* Work item: Starting at the line that has "46,57 m² užitná" and stopping after the line that has "Rückseite: Sucher mit", reproduce the listing below exactly; omit everything else.

* Information given:

────────────────────────────────────────

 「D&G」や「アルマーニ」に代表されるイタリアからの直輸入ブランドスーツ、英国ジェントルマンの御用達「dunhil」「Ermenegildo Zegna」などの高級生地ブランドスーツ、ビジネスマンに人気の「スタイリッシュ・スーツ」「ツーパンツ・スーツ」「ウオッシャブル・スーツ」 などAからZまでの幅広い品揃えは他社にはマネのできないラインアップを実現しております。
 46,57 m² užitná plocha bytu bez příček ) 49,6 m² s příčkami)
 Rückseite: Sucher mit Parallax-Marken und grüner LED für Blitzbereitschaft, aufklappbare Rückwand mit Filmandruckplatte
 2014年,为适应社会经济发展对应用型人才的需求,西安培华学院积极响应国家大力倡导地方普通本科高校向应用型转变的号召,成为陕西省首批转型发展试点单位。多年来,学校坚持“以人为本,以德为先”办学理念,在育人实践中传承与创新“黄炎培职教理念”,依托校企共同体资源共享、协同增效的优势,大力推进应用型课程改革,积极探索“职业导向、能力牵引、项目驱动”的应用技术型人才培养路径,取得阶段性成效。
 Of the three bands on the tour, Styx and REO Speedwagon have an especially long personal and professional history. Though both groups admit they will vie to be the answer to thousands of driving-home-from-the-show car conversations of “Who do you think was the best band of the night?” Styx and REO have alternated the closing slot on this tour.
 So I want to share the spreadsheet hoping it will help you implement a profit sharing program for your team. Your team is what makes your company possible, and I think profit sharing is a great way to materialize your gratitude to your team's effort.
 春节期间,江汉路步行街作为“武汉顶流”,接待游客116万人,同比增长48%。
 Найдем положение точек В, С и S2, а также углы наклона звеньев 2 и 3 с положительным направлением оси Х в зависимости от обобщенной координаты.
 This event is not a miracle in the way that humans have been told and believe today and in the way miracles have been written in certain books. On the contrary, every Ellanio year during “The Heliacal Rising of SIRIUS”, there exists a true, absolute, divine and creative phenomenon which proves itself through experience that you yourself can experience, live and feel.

────────────────────────────────────────

* Solved exercise:
 46,57 m² užitná plocha bytu bez příček ) 49,6 m² s příčkami)
 Rückseite: Sucher mit Parallax-Marken und grüner LED für Blitzbereitschaft, aufklappbare Rückwand mit Filmandruckplatte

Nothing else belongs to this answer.